If you see the output the first time, when add() function is used it adds the element and the size of the set is increased by one as shown when we execute the first print statement but the second time when we use add() method to add the very same element (sepoy) like the first time, when executing the print statement we see the same elements getting displayed with no increase in the size of the set which means that set does not any take duplicate values.
2. clear(): As the name suggest it removes all the elements from the set. It neither takes any parameter nor does it return any value. We simply just have to call the clear method and execute it. Let us look at an example:
Code:
firstset = {"Johnny", "Nilanjan", "Rupa"}
print("Before clear",firstset)
firstset.clear()
print("After clear",firstset)
Let us look at the output after executing the same code in the jupyter Notebook.
So, the above screenshot shows that before we had executed the clear method the list was printed with elements and then when we executed the clear() method all the elements were removed and we are left with an empty set.
3. copy(): This method is used to create a shallow copy of a set. The term shallow copy means that if you add new elements in the set or remove elements from the set, the original set does not change. It is the basic advantage of using the copy function. We will see an example to understand the shallow copy concept.
Code:
originalset = {"Johnny", "Nilanjan", "Rupa"}
copiedset = originalset.copy()
print("originalset:: ",originalset)
print("copiedset:: ",copiedset)
# modify the copiedset to check shallow copy feature
copiedset.add("Rocky")
print("originalset:: ",originalset)
print("copiedset:: ",copiedset)
Now let us check the output in Jupyter Notebook.
As you can see that when we used to add function to add a new element in the copied set, the copied set got modified but the original set still remained the same.

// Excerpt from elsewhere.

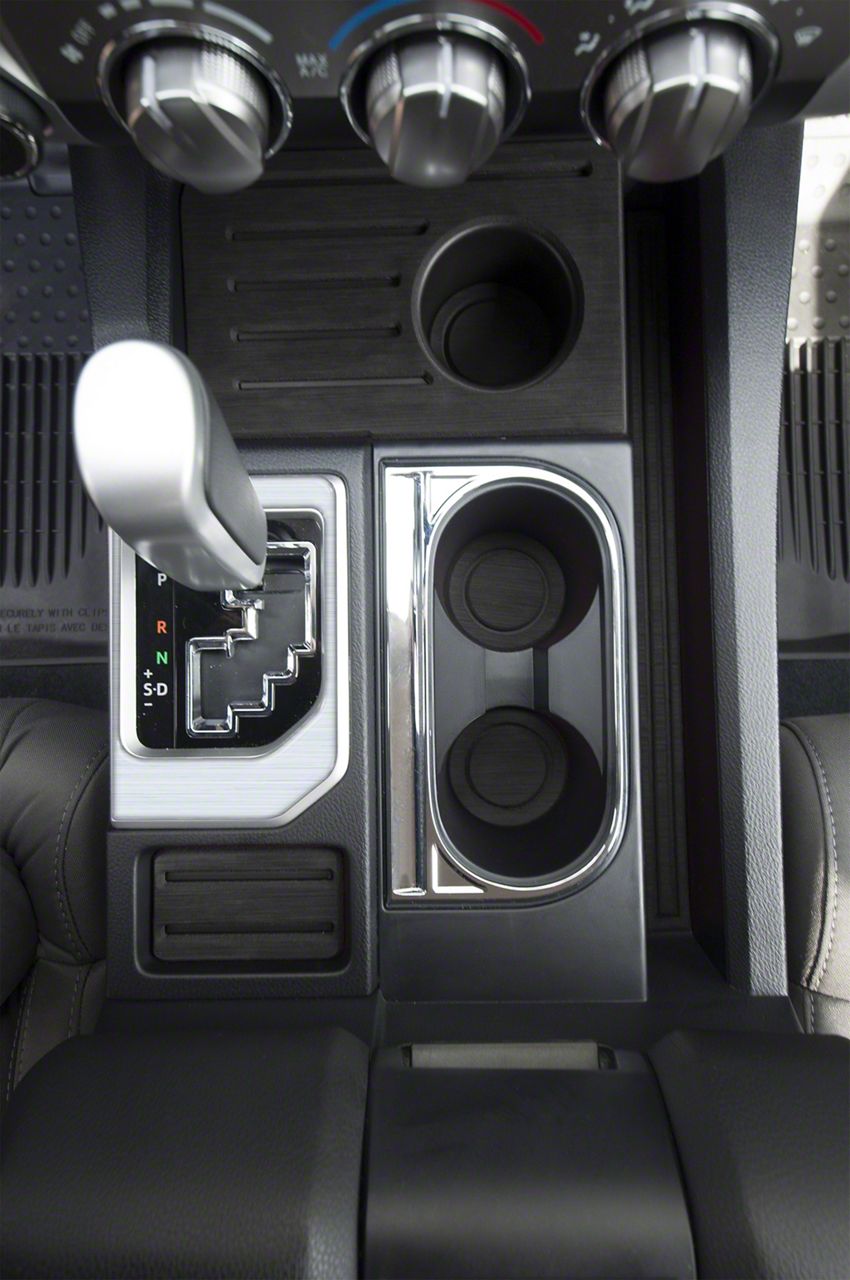 Interior Styling. Add a new interior look to your Toyota Tundra with this Center Console Shifter Accent Trim; Brushed Silver. This pieces gives a cool style appearance and is positioned on the center console shifter.

4. difference(): This is a very important function inset. This function returns a set which is the difference between two sets. Keep in mind that here difference does not mean subtraction because here it is the difference between the number of elements in two sets and not the values of elements. Here for example set A1 – set A2 means it returns a set with elements present in A1 but not in A2 and vice versa in case of set A2 – set A1 (present in A2 but not in A1). The same will be explained below with the help of an example.
Code:
A1= {24, 35, 34, 45}
A2= {24, 56, 35, 46}
print(A1.difference(A2))
print(A2.difference(A1))
Now let us look at the output provided in the screenshot below.
Now, in the above screenshot if you look carefully there is a difference between the first and second results. In the first result, it is shown the elements which are in A but not in B whereas in the second result it is shown elements present in B but not in A.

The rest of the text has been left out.